I want to divide my data into quantiles (quintiles to be more specific). However, when using qcut in Pandas or ntile in R, I either get the error that "bin edges must be unique" (qcut) or equal values get assigned to different quintiles (ntile).
Looking at the following data: [1, 8, 2, 1, 8] I would like the ouput to be:
- 1 assigned to quintile 1
- 8 assigned to quintile 5
- 2 assigned to quintile 3
- 1 assigned to quintile 1 again
- 8 assigned to quintile 5 again
In this specific case the 1s could also be assigned to quintile 2 instead of 1 (depending on definition).
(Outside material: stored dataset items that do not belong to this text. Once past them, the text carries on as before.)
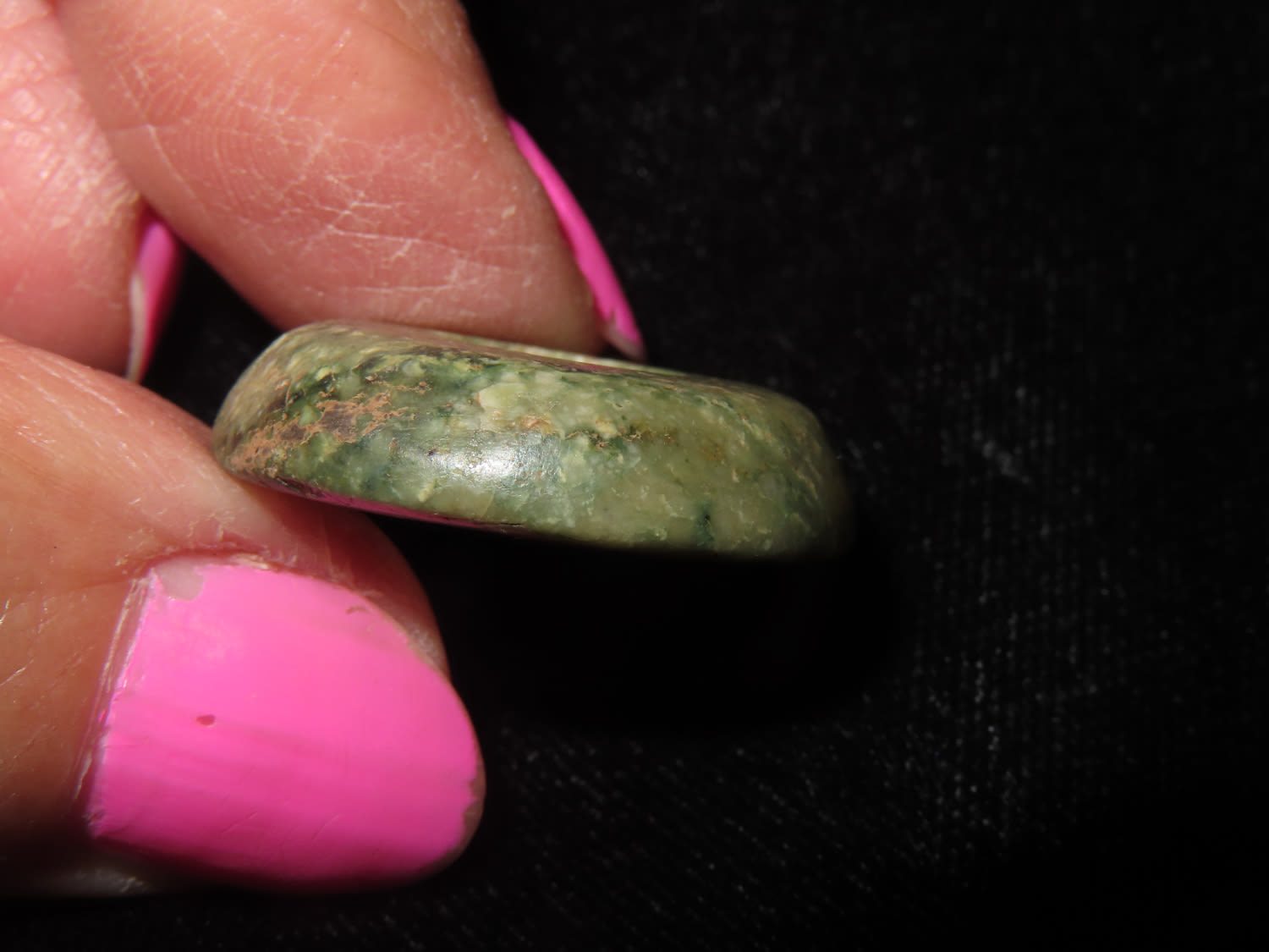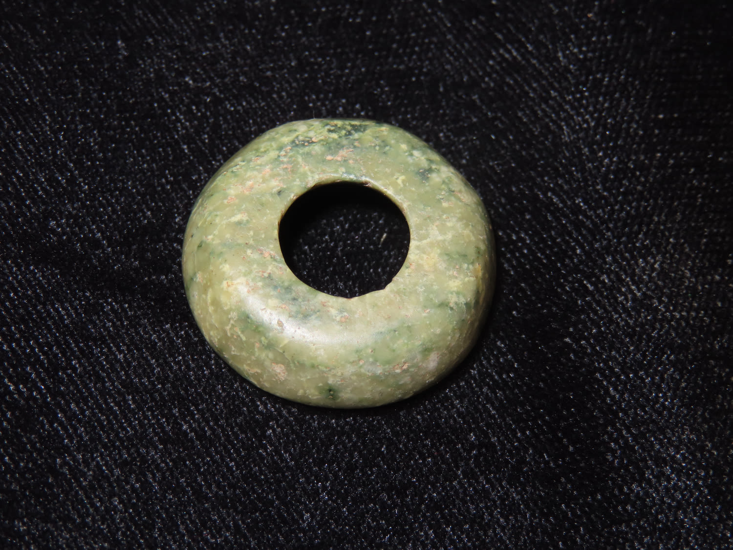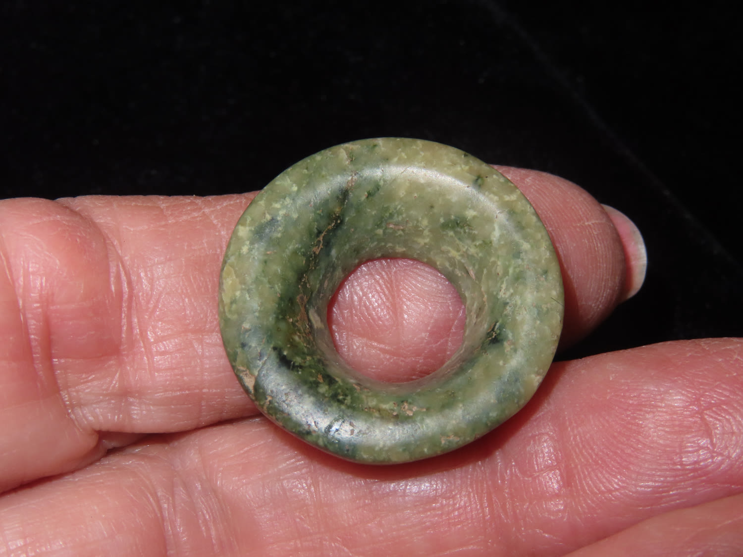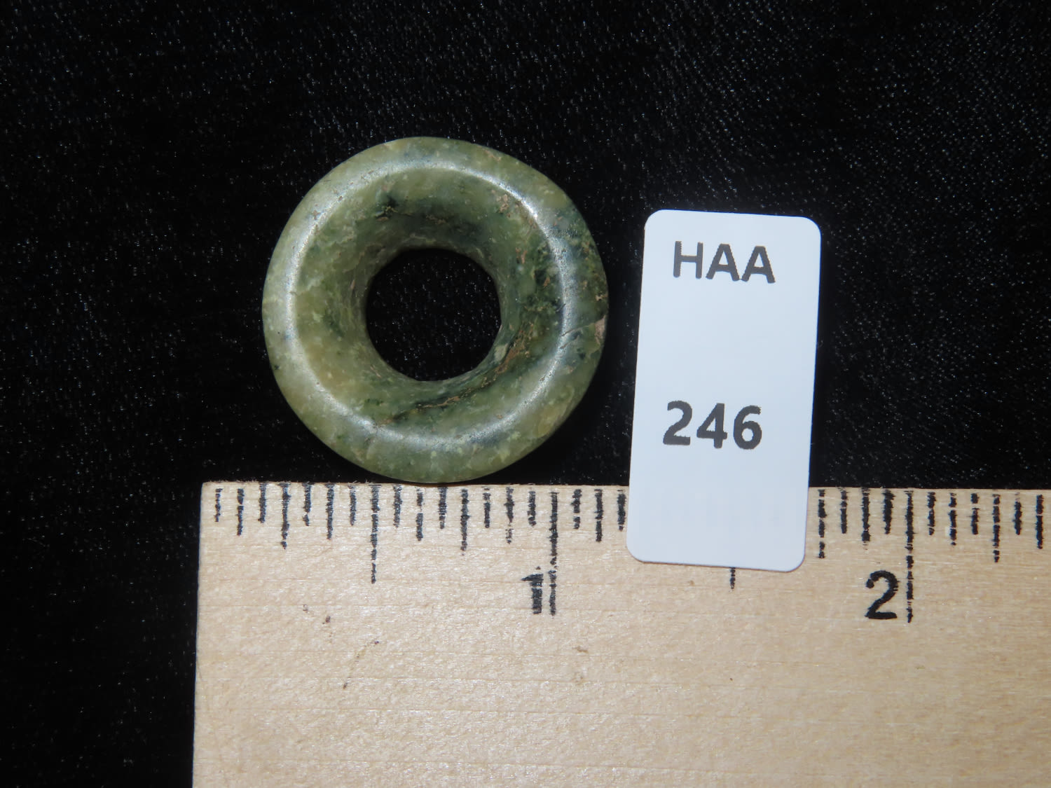 1″ Dia Jade Ear Spool, Pre Columbian / Mayan, Ex David Harner, Guatemala, Ex Chris Leandro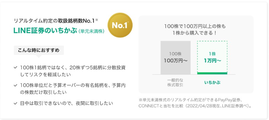 [su_panel background=”#efffec” border=”2px solid #9ffa9c” shadow=”0px 0px 0px #eeeeee”][su_icon icon=”icon: hand-o-right” background=”#ffffff” color=”#99fa6d”]LINE証券[/su_icon]- 1株単位で数百円から株が買える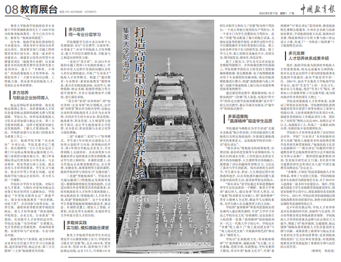 近日,《中国教育报》(2022年5月17日08版教育展台)发表航海学院院长杨神化教授、航海技术系副主任郑尚龙副教授的署名文章《打造高质量航海人才培养体系》。现全文转载如下: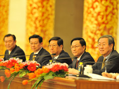 - 主持人李連寧:2010-3-6 10:04出席今天記者會并回答大家提問的嘉賓有:國家發(fā)展改革委員會張平主任、財政部謝旭人部長、商務(wù)部陳德銘部長和中國人民銀行周小川行長。他們將就加強和改善宏觀經(jīng)濟調(diào)控來回答大家的提問。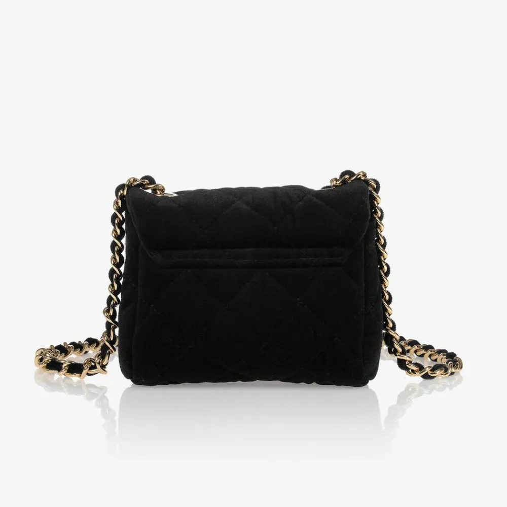 Girls small, black bag from Milledeux, beautifully handmade in soft quilted velvet. Lined in lightweight cotton, it is just right for carrying small essentials. The flap has a gold twist lock closure and the sumptuous velvet and gold chain strap can be doubled for a shorter length.

It is just important that equal values are assigned to the same quintile.
Do you have any ideas on how I can achieve this?
Thank you very much for your input!
Some data to use:
import pandas as pd
df = pd.DataFrame({'Date': ['2011-01-01', '2011-01-02', '2011-01-03','2011-01-01', '2011-01-02',
'2011-01-03','2011-01-01', '2011-01-02', '2011-01-03', '2011-01-01','2011-01-02', '2011-01-03',
'2011-01-01', '2011-01-02', '2011-01-03'], 'Name': ['A', 'A', 'A', 'B', 'B', 'B', 'C', 'C', 'C', 'D', 'D', 'D', 'E', 'E', 'E'],
'Value':[1, 3, 2, 8, 6, 5, 2, 10, 4, 1, 5, 3, 8, 4, 9]})
Code I used in R:
df = df %>% group_by(Date) %>% mutate(Quint = ntile(Value, 5))
This assigned qual values to different bins.
Code I used in Python:
df['Quintiles'] = df.groupby(by=["Date"])['Value'].transform(lambda x: pd.qcut(x, 5, labels=["XS", "S", "M", "L", "XL"]))
This resulted in the error of bin edges having to be unique.